> Information provided:
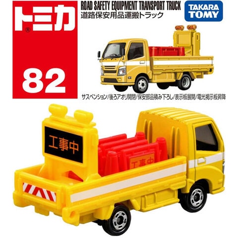 トミカ No.82 道路保安用品運搬トラック 【工事現場 保安部品積み下ろし 表示板展開 電光掲示板昇降 ミニカー 本体 サック箱 自動車 玩具】
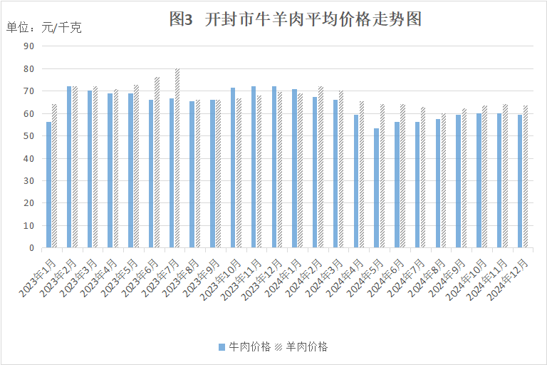 2024年,开封市统计局经调队对开封市主要食品价格进行监测,监测结果显示,开封市主要食品价格涨跌交织。表现为,粮油价格平稳,各品种波动区间狭窄,蔬菜类价格季度起伏各异,猪肉价格有所上涨,牛羊肉价格持续下滑,蛋类价格涨跌交替,水产品类价格小幅波动,水果类价格则依循季节更迭波动。
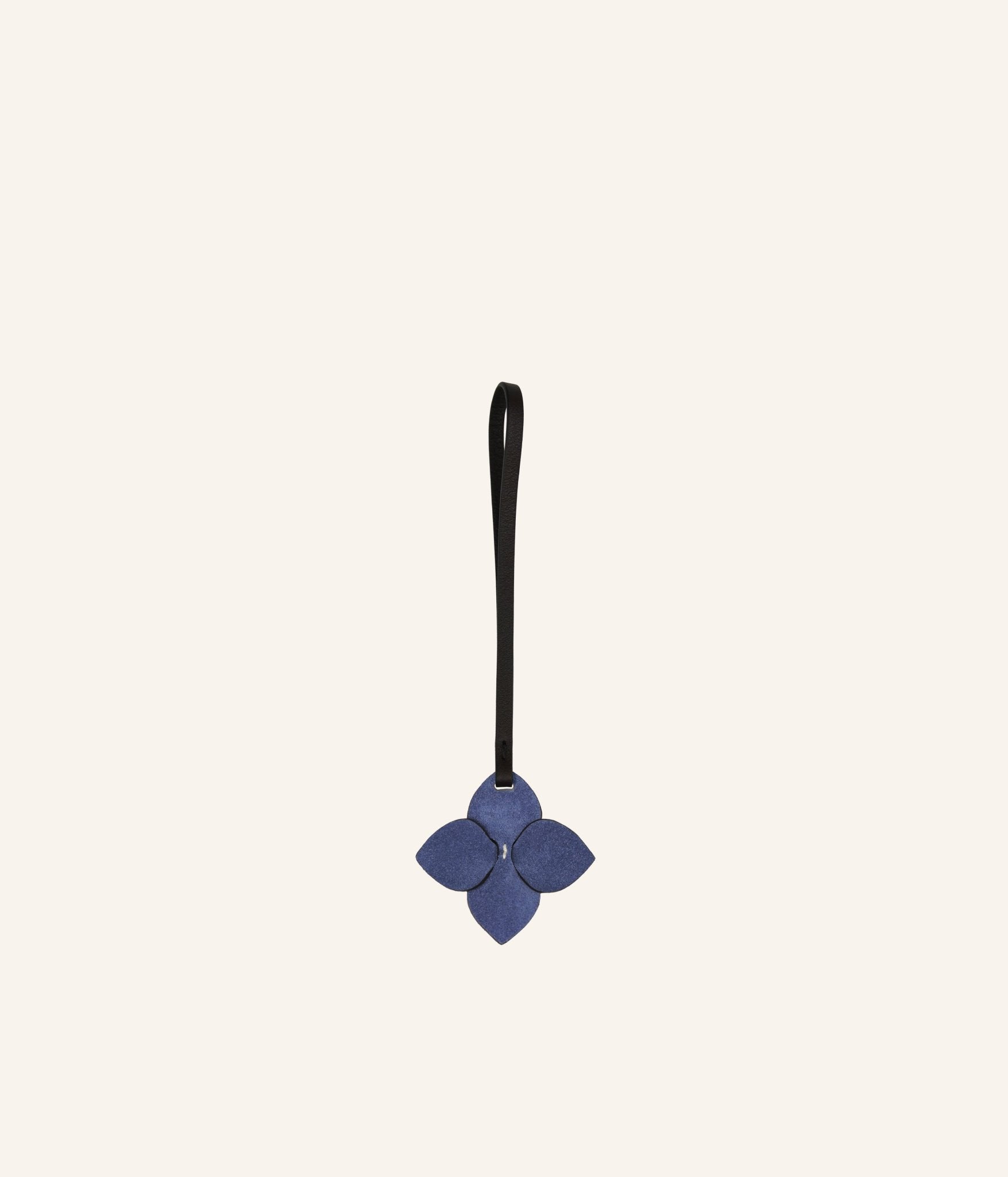 A tribute to the poetry of nature. This mini version of the leather hydrangea flower, delicately intertwined, captures the subtle grace of movement, offering timeless elegance imbued with refinement. With its contemporary blue-toned shade, the Mini Sia in Calf Suede Jeans brings a modern and elegant touch to your bags. Handcrafted in Italy, it attaches easily to a handle or strap, adding a refined and timeless detail. When paired with an Oak tote, it sways gently with your movements, evoking the delicacy of an intertwined flower and adding character to every silhouette.

> What the task asks: Starting with the first line of the material, print each line exactly until you have printed the line with "2024年,开封市统计局经调", and skip the pictures.

> Output of the exercise:
 トミカ No.82 道路保安用品運搬トラック 【工事現場 保安部品積み下ろし 表示板展開 電光掲示板昇降 ミニカー 本体 サック箱 自動車 玩具】
 2024年,开封市统计局经调队对开封市主要食品价格进行监测,监测结果显示,开封市主要食品价格涨跌交织。表现为,粮油价格平稳,各品种波动区间狭窄,蔬菜类价格季度起伏各异,猪肉价格有所上涨,牛羊肉价格持续下滑,蛋类价格涨跌交替,水产品类价格小幅波动,水果类价格则依循季节更迭波动。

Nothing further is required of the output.